As infrações apuradas na auditoria do TCE/SC ocorreram na execução do contrato nº 448/2003 — decorrente da concorrência nº 11/2003 —, celebrado entre o município de Joinville e o consórcio formado pelas empresas Sadenco, Quandtum e Enerconsult, durante a gestão de Tebaldi. Segundo os técnicos da Diretoria de Controle de Licitações e Contratações (DLC), as empresas do consórcio efetuaram modificações dos padrões técnicos de reatores, o que acarretou a aquisição de produtos diferentes e por um valor maior do que o contratado.

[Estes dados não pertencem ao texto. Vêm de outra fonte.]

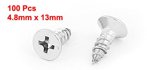 uxcell セルフタッピングねじ ファスナー シルバートーン 4.8mm x 13mm フラットヘッド 100個入り

O relator do processo TCE-08/00480643, conselheiro Julio Garcia, destacou que a irregularidade não evidenciou “a ocorrência de prejuízo ao erário advindo da alteração da especificação técnica”. Segundo ele, a regulamentação, pelo Ministério das Minas e Energia, da eficiência energética para reatores de lâmpadas para os fabricantes de modelos a vapor de sódio somente ocorreu em dezembro de 2010. Além disso, “o pagamento do item reatores deu-se dentro dos parâmetros previstos no edital de concorrência, afastando-se possíveis indícios de sobrepreço”.

No entanto, mesmo afastada a hipótese de dano aos cofres públicos, o relator entendeu que a alteração do padrão “deveria ter sido efetivada por meio de um termo aditivo ao contrato original, demonstrando formalmente as razões que levaram à alteração das condições inicialmente pactuadas”. Por este motivo, os responsáveis foram penalizados com aplicação de multa.

A ausência de termo aditivo para a alteração do contrato, excluindo os serviços de teleatendimento por parte das empresas consorciadas, foi outra irregularidade apontada pela auditoria. A prefeitura dispensou esses serviços porque implantou o serviço de Teleatendimento ao Cidadão, permitindo o atendimento via telefone de todo tipo de solicitação endereçada à prefeitura. O conselheiro Julio Garcia destacou que a alteração efetuada “expôs um planejamento inicial falho por parte da Administração”, concluindo que a alteração deveria ser feita de maneira formal, por meio de termo aditivo, com justificativas da mudança.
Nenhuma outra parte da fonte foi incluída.